Are steep learning curves unpopular?

I like deep and complex and i'm fine with steep learning curves, what i don't like is being punished by having my time wasted.

For me, you solve this by allowing easy experimentation with builds or allowing a respec. I want deep systems to allow customization and building of a character, but i don't want to be punished by having to restart X hours in because i made an bad (or ill-informed) choice.

Now, that argument against that is then choices don't matter and your choices should have consequences, but i think you can still make choices matter by allowing easy experimentation and respecs, infact, i think you make those choices far more interesting.

One of the interesting parts of this debate is i see a lot of people that argue against respecing in favor of choices that matter will play with a guide or consult a wiki. You don't want to find yourself 50 hours deep with a garbage character, so you look up a build and follow it. To me, that is super boring. I want to make my own character, i don't look up guides or wikis, it kills the fun for me.
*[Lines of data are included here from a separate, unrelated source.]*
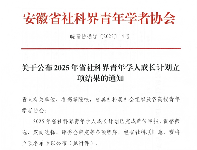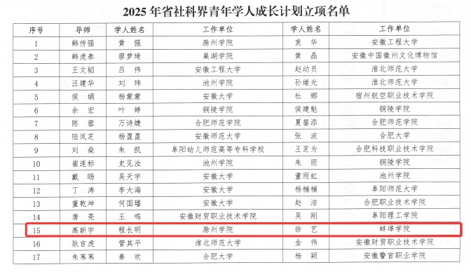 近日,安徽省社科界青年学者协会正式公布了2025年“省社科界青年学人成长计划”立项结果,我校经济与管理学院青年教师徐艺博士成功入选,实现了我校在该项目上的突破。
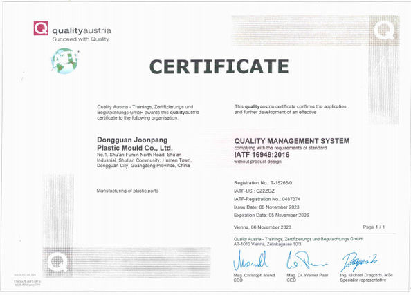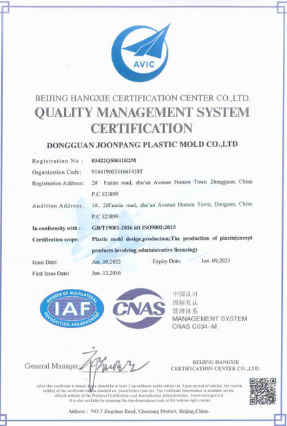 China Dongguan JoonPang Plastic Mold Co., Ltd. Zertifizierungen
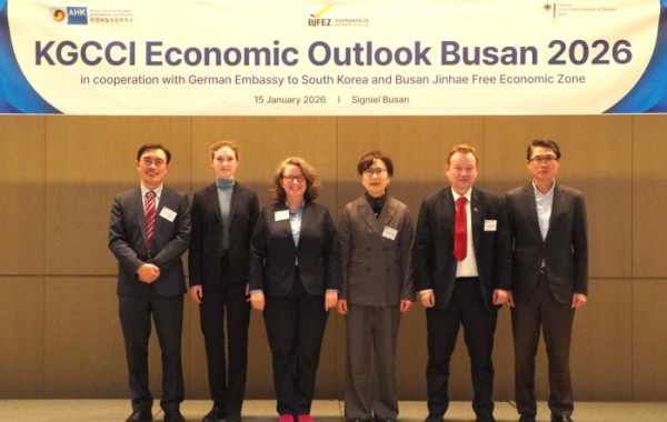 주한독일상공회의소(KGCCI, 대표 마리 안토니아 폰 쉔부르크)는 16일 부산진해경제자유구역청(청장 박성호)과 함께 전날 시그니엘 부산에서 ‘2026년 경제 전망(2026 KGCCI Economic Outlook)’ 행사를 개최했다고 밝혔다. 이날 1부 포럼에는 정·재계 인사 50여 명이 참석했으며, 2부 특별 만찬에는 국내 주요 독일 기업 관계자 등 120여 명이 자리했다.
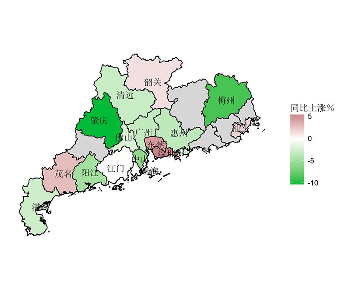 2019年10月珠江三角洲城市群房价同比分布图
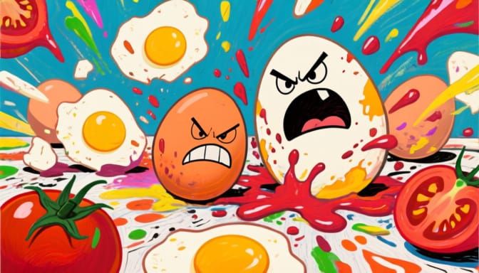 This image depicts a lively food fight scene with angry eggs and splattered tomatoes, rendered with bold lines and vibrant colors.
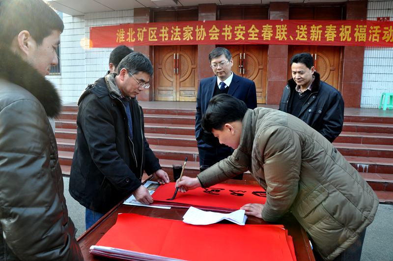2月3日,淮北礦業(yè)工會(huì)組織礦區(qū)書(shū)法家們來(lái)到朱莊礦,為職工義務(wù)寫(xiě)春聯(lián)?;顒?dòng)現(xiàn)場(chǎng),書(shū)法家們揮毫潑墨,為職工們義務(wù)寫(xiě)春聯(lián),將濃濃的祝福送到礦區(qū)的千家萬(wàn)戶(hù)。短短的時(shí)間里,地面上就鋪滿了一幅幅大紅春聯(lián),現(xiàn)場(chǎng)到處充滿了濃濃的年味。職工們紛紛表示,這樣的活動(dòng)很有意義,書(shū)法家們送祝福的同時(shí),也傳承了我們的中華傳統(tǒng)文化。一幅幅蒼勁有力的春聯(lián),寫(xiě)滿了誠(chéng)摯的平安祝愿和礦區(qū)職工對(duì)來(lái)年的期盼。
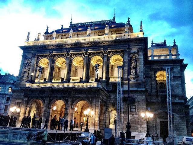 饭后决定步行去瓦茨大街,先找个换汇点装备好万元大钞,再到多瑙河畔看看布达佩斯夜景。走到地铁M1线Opera站附近就能看到歌剧院,我们路过时歌剧院门口正在搭建看台,不知有什么活动。
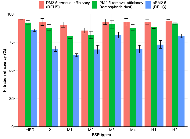 图7.使用不同气溶胶(DEHS和大气尘)测量的PM2.5收集效率和ePM2.5
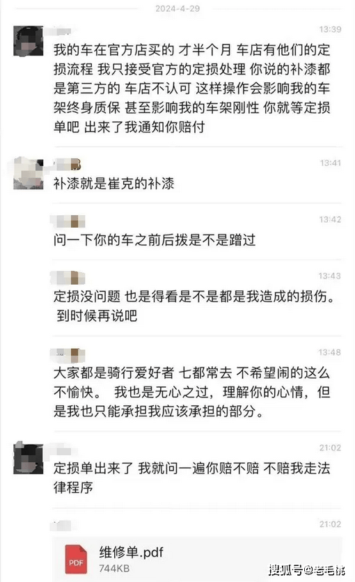 据曝光的聊天记录显示,自行车主表示自己的车是崔克牌,在官方店铺购买不到半个月,只接受官方定损处理。
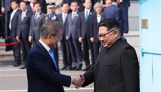 首尔时间9时30分许(北京时间8时30分许),金正恩在板门店跨过军事分界线,进入韩方一侧,受到等候在那里的文在寅欢迎。
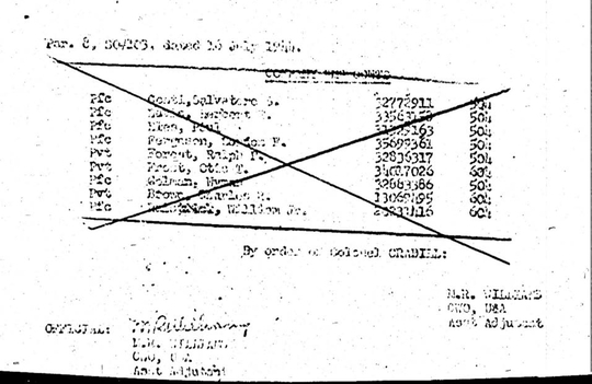| 1945-01-26 | PFC | Severely wounded in action and transferred to 104th Evacuation Hospital on August 8, 1944, which corrects MR of August 8, 1944 | 504 | K / 329 | view page |
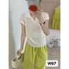 Polo de Punto de Verano Camiseta de Manga Corta para Mujer Color Puro Transpirable Seda de Hielo Moda Elegante Casual Cómodo Sensación de Alta Gama
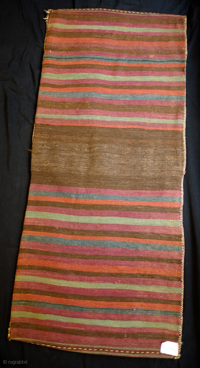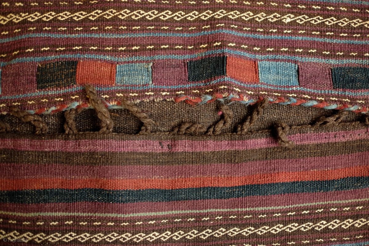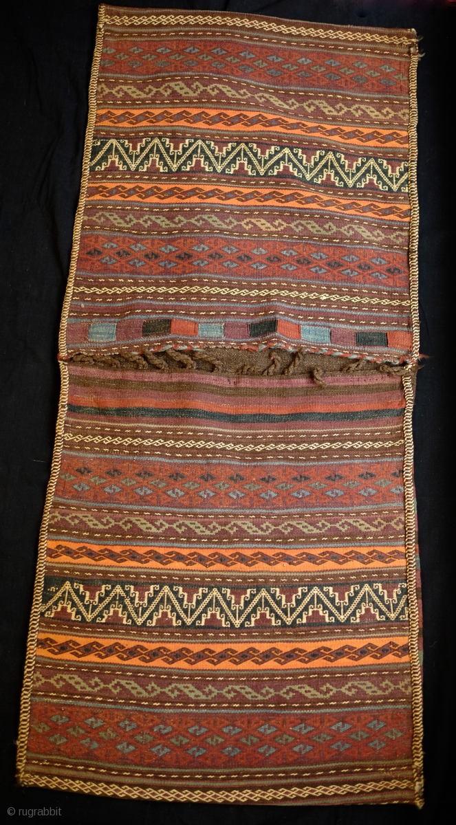 Kohistani saddle bag from Badghis area of Afghanistan. Late 19th Century. This has a beautiful striped back in natural colors. Colors are all good. Some of these bags started to come out during periods of hardship such as the drought at the end of the 1970s and in more recent times. 68 x 148 cm.
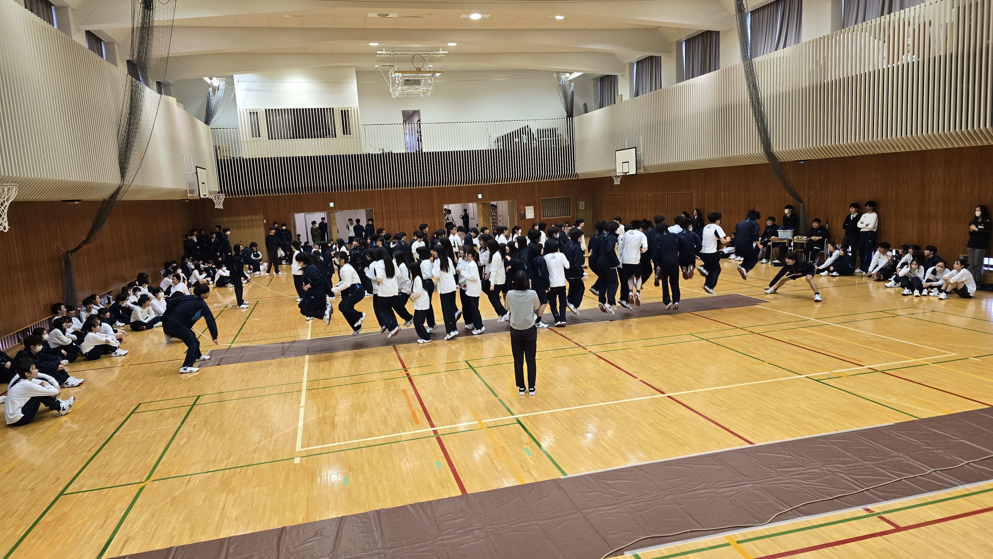 卒業生の方の講話の翌日は、学年によるレクリエーション大会が実施されました。その名も下司カップ!高2担任団の下司先生の熱い思いのもと、本企画が実現いたしました。内容はクラス対抗の大繩大会です。クラス全員で1回で大繩を連続で飛んだ回数を競うというもので、クラスごとに練習時間を1時間程度設けたあと本番という流れで実施されます。最初は、1回でも成功させるのに苦労するクラスがほとんどでしたが、男女で分けて飛ぶ、1列になる、など工夫をしながら何度も練習を重ねるうちに徐々にクラス全体がコツをつかんでいる様に見え、クラスの一体感が試される瞬間でした。優勝は1組。難易度が高い中11回連続を飛んでの優勝となりました。声かけも素晴らしかったですし、クラスの絆がとても伝わってきました。ほかのクラスも縄を回す人中心によく声を出していました。新年度に向けて、最高の思い出になってくれたことを願ってやみません。
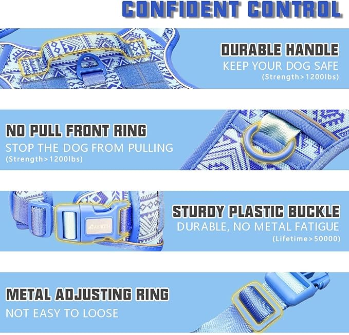 - 【Ultimate Control & SECURITY - Unleash the Power.】 Our no pull dog harness ensures maximum control for your dog with two metal leash attachment points. The front clip provides no-pull control and is great for training, while the back clip is perfect for casual walks or jogging. Walk your dog with confidence and security.

Allowing me to respec and experiment allows me to figure out how to build a good character, rather than being locked to my choices that were likely made with very little information.

I'll take 2 games as examples, Diablo 3 and Path of Exile. I think both are great games, but this isn't about comparing them. POEs skill tree is massive and really neat to look through and plan builds. It's also quite punishing because barring a system that allows minor adjustments, you are locked in to your choices. That means you either follow a guide (yawn) or build a probably very sub optimal character and sink considerable time in to it. Contrast that with Diablo 3s system, you can swap skills and builds freely (within your chosen class) that lets you play with new skills as they unlock (rather than worrying about wasting a skill point on something) and find builds that work for you and syngerize.

Now, POE allows much more interesting choices in terms of builds, but if you follow a guide, those choices aren't yours so what's the point and if you try to develop the builds yourself, you're going to spend a huge amount of time rerolling characters because the nature of the system doesn't allow experimentation.

I think if you took POE and allowed respeccing, you'd have a much better game that allowed and encouraged experimentation with different builds, you'd still have a very deep, complex system, and the choices in your build would still matter and be impactful, but you wouldn't be forced to resort to a guide to make a good character, you'd be able to figure it out yourself, without wasting countless hours on new characters.